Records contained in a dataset
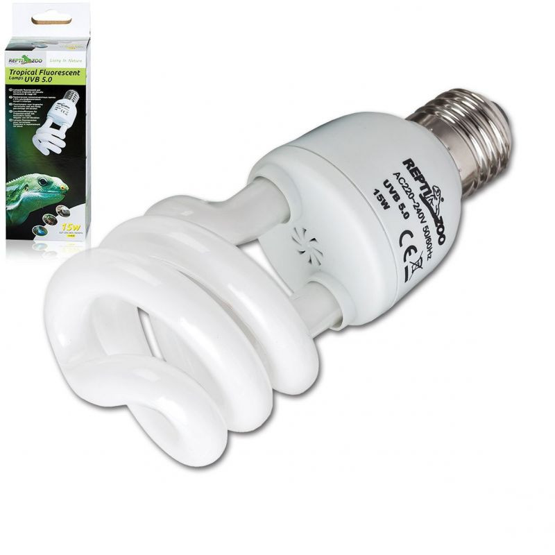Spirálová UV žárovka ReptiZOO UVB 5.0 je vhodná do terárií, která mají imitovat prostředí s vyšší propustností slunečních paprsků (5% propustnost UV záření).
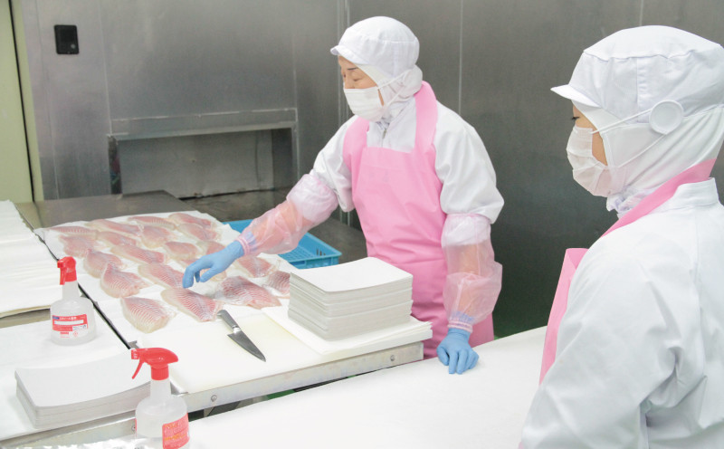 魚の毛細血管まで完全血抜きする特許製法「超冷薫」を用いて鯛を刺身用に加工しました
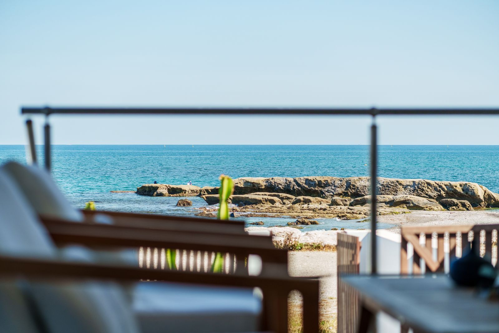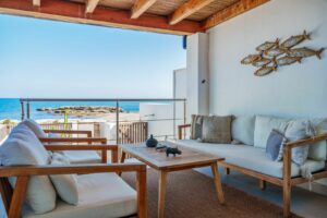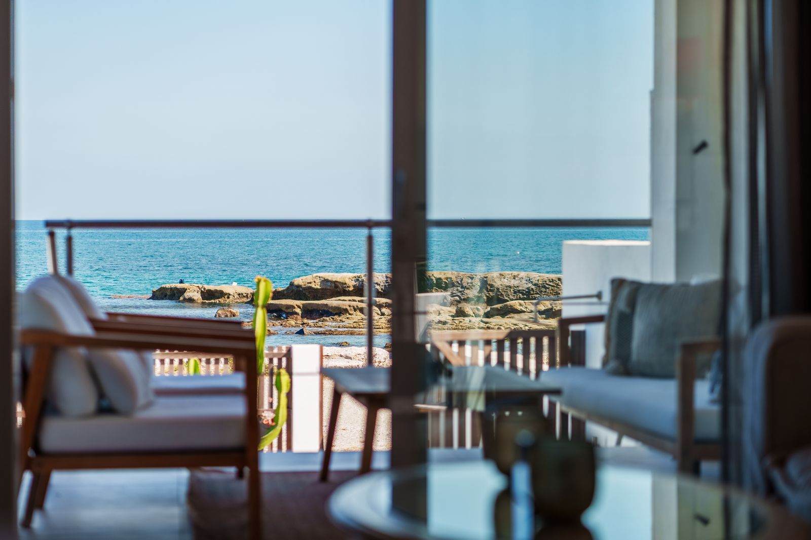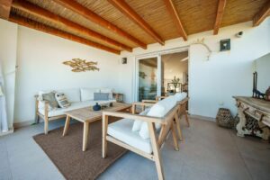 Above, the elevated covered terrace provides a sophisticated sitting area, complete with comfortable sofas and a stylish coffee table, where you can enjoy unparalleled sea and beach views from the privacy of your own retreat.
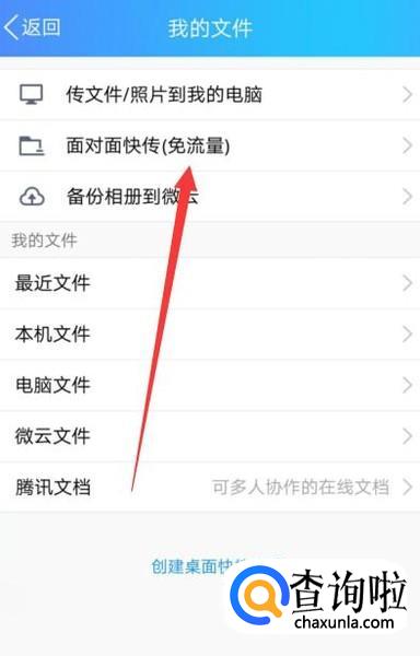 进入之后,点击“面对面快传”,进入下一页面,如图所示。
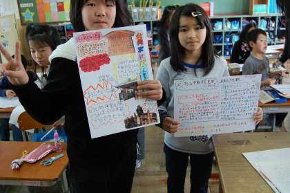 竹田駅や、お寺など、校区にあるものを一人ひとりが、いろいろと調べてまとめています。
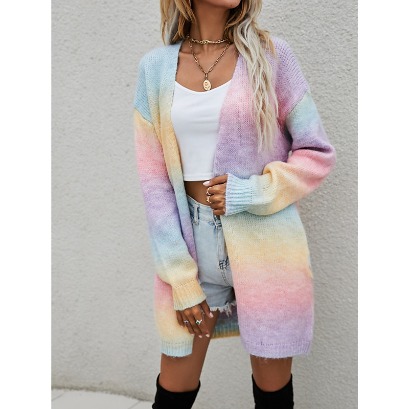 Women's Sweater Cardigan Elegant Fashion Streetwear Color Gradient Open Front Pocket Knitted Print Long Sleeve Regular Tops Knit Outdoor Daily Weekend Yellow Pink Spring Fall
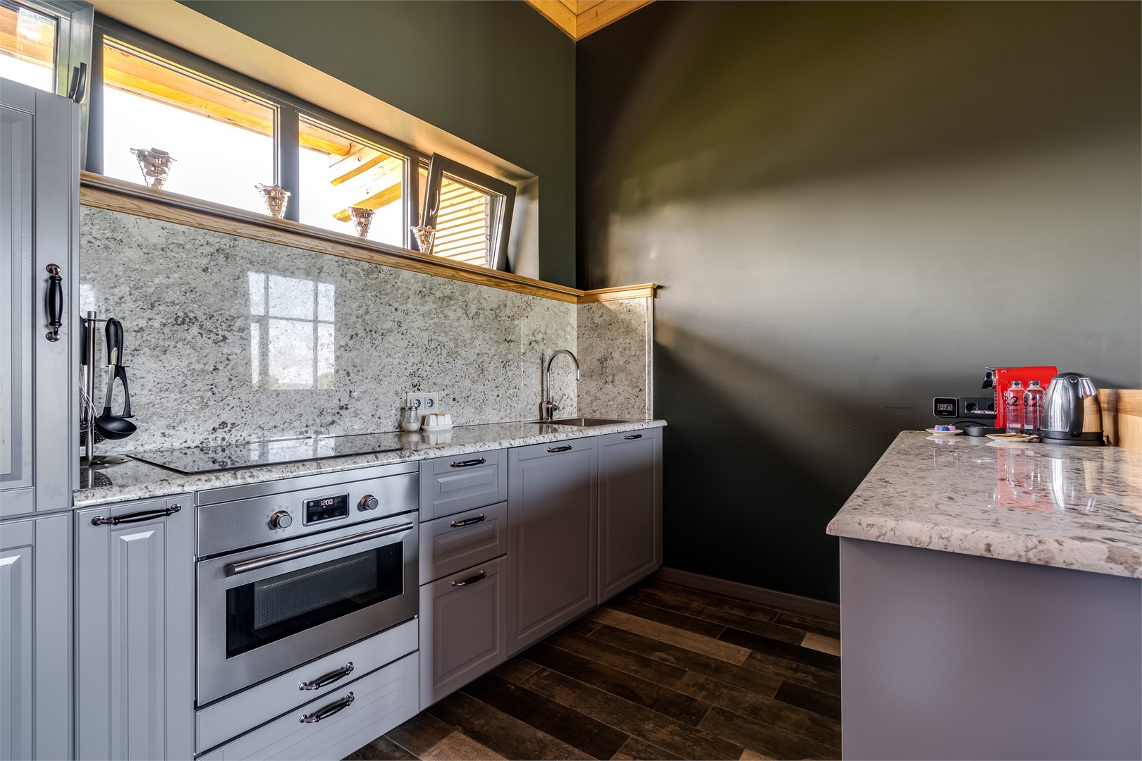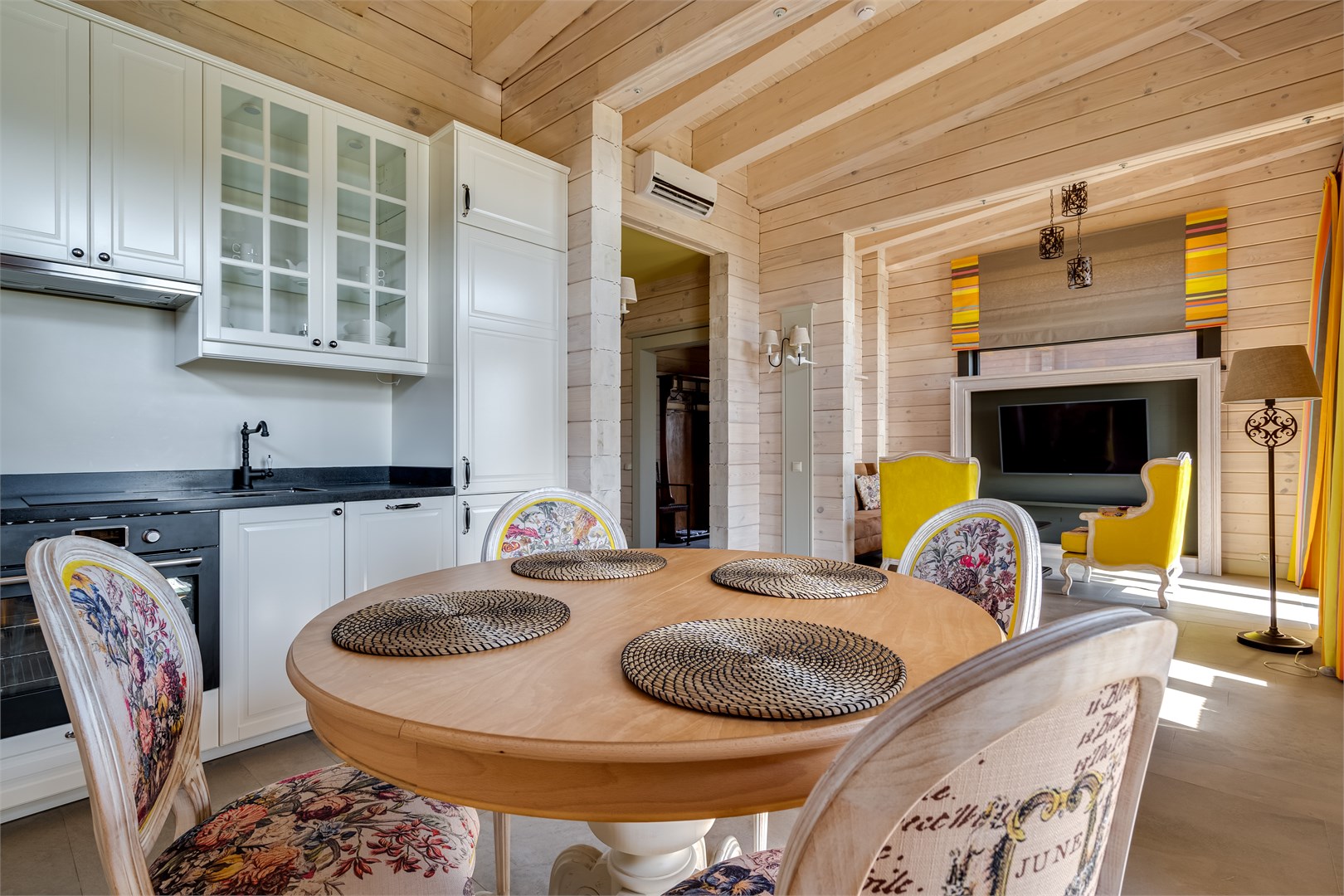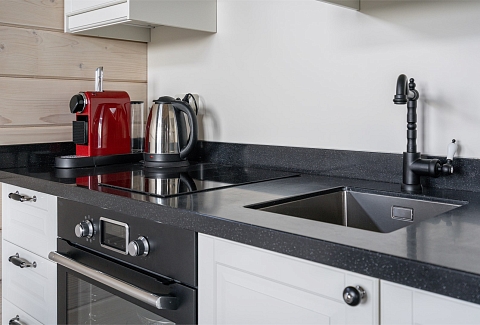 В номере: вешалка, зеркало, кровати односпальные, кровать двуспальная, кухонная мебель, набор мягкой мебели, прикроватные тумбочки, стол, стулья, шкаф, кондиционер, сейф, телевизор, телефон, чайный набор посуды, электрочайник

What this task involves
Reprint the entries above exactly, images removed.

Result for this task
Spirálová UV žárovka ReptiZOO UVB 5.0 je vhodná do terárií, která mají imitovat prostředí s vyšší propustností slunečních paprsků (5% propustnost UV záření).
 魚の毛細血管まで完全血抜きする特許製法「超冷薫」を用いて鯛を刺身用に加工しました
 Above, the elevated covered terrace provides a sophisticated sitting area, complete with comfortable sofas and a stylish coffee table, where you can enjoy unparalleled sea and beach views from the privacy of your own retreat.
 进入之后,点击“面对面快传”,进入下一页面,如图所示。
 竹田駅や、お寺など、校区にあるものを一人ひとりが、いろいろと調べてまとめています。
 Women's Sweater Cardigan Elegant Fashion Streetwear Color Gradient Open Front Pocket Knitted Print Long Sleeve Regular Tops Knit Outdoor Daily Weekend Yellow Pink Spring Fall
 В номере: вешалка, зеркало, кровати односпальные, кровать двуспальная, кухонная мебель, набор мягкой мебели, прикроватные тумбочки, стол, стулья, шкаф, кондиционер, сейф, телевизор, телефон, чайный набор посуды, электрочайник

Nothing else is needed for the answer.